Introduction to Accelerated Scan
The Accelerated Scan project offers a groundbreaking algorithm designed to perform highly efficient first-order parallel associative scans on GPU systems. The implementations are particularly beneficial for complex computations in areas like state space models and linear recurrent neural networks (RNNs).
What is an Associative Scan?
An associative scan is a computational technique used to solve first-order recurrences of the form x[t] = gate[t] * x[t-1] + token[t]
. These types of calculations are prevalent in signal processing and machine learning models where current states rely on previous ones.
Key Features
- Speed: The accelerated scan is crafted to be one of the fastest implementations available for this type of operation, making full use of GPU technology to boost performance.
- Architecture: It uses a unique chunked processing algorithm that leverages the powerful GPU communication primitives. Within a thread block, operations are quicker due to warp shuffles between threads, while shared memory facilities enable efficient inter-thread block communication.
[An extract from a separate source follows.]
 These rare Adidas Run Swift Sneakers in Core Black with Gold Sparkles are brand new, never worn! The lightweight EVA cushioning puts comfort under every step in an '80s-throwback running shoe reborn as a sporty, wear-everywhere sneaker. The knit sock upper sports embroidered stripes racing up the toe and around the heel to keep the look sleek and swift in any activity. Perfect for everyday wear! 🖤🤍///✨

- Flexibility: Supports sequence processing in batches where sequence lengths can range between 32 and 65536 — all of which must be a power of two. The flexibility offered makes it adaptable to different problem sizes and computing needs.
Different Implementation Approaches
- accelerated_scan.warp: This version uses a CUDA kernel written in C++. It is optimized for speed and is designed to outperform even standard GPU libraries like CUB.
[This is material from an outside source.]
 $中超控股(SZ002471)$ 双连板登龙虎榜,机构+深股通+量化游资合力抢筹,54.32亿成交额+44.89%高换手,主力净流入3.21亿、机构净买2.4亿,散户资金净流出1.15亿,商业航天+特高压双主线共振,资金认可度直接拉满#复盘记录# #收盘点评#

- accelerated_scan.triton: Utilizes Triton's tl.associative_scan primitive. This implementation requires Triton version 2.2 due to its advanced feature support.
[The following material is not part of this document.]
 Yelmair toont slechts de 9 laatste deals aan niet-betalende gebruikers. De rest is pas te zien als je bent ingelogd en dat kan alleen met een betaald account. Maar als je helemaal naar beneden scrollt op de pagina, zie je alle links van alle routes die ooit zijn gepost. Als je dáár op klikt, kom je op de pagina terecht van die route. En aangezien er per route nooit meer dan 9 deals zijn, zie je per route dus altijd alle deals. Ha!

- accelerated_scan.ref: A reference implementation in PyTorch, which is slower but ensures numerical equivalence and reliability for experimental purposes.
How to Get Started
Begin by installing the package via pip:
pip install accelerated-scan
Here's a basic example of how to use the package:
import torch
from accelerated_scan.warp import scan
batch_size, dim, seqlen = 3, 1536, 4096
gates = 0.999 + 0.001 * torch.rand(batch_size, dim, seqlen, device="cuda")
tokens = torch.rand(batch_size, dim, seqlen, device="cuda")
out = scan(gates, tokens)
This snippet demonstrates setting up the problem parameters and executing a scan using the accelerated_scan.warp
module.
Performance Benchmarking
In performance benchmarks, the Accelerated Scan demonstrates significant speed advantages over standard methods especially as the sequence length increases. For instance, with sequence lengths of 65536, the accelerated_scan.warp
method completes operations in a mere 11.3 units of time, outperforming reference methods and even Triton implementations by a substantial margin.
Notes on Precision
There are some considerations regarding precision, particularly when both gates and tokens are sampled from a uniform distribution between 0 and 1. The precision inaccuracies can become noticeable in floating-point operations, notably with bfloat16 precision, which is a tradeoff for performance in high-complexity environments.
In summary, the Accelerated Scan provides an exceptionally fast and efficient solution for first-order recurrence calculations on GPUs, supporting substantial performance improvements for applications in machine learning and computational models that require heavy data processing.